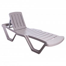 Устойчив пластмасов шезлонг за басейн и плаж. Колелца и регулируема облегалка. Подсилен корпус.
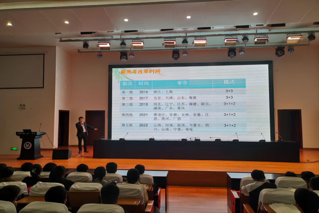 为帮助高一年级新生更好地适应高中生活,了解新高考相关政策与“3+1+2”选科模式,进一步引导学生规划高中生涯,更好地迎接新高考带来的挑战,2023年9月25至27日,颍上二中高一年级利用自习时间,连续三天分批次地在行政楼东报告厅举行了以“‘预见’方能‘遇见’”为主题的集体班会。高一年级主任蔡俊杰,副主任崔猛、王乐潇、张泽,全体班主任及高一新生参加,会议由樊涛林老师主持。
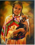 Huile sur toile représentant une petite Indienne portant un petit renard signée F.Diamond |

*Exercise details*
Word for word, restate the material above; do not carry over the pictures.

*Response to the task*
 Устойчив пластмасов шезлонг за басейн и плаж. Колелца и регулируема облегалка. Подсилен корпус.
 为帮助高一年级新生更好地适应高中生活,了解新高考相关政策与“3+1+2”选科模式,进一步引导学生规划高中生涯,更好地迎接新高考带来的挑战,2023年9月25至27日,颍上二中高一年级利用自习时间,连续三天分批次地在行政楼东报告厅举行了以“‘预见’方能‘遇见’”为主题的集体班会。高一年级主任蔡俊杰,副主任崔猛、王乐潇、张泽,全体班主任及高一新生参加,会议由樊涛林老师主持。
 Huile sur toile représentant une petite Indienne portant un petit renard signée F.Diamond |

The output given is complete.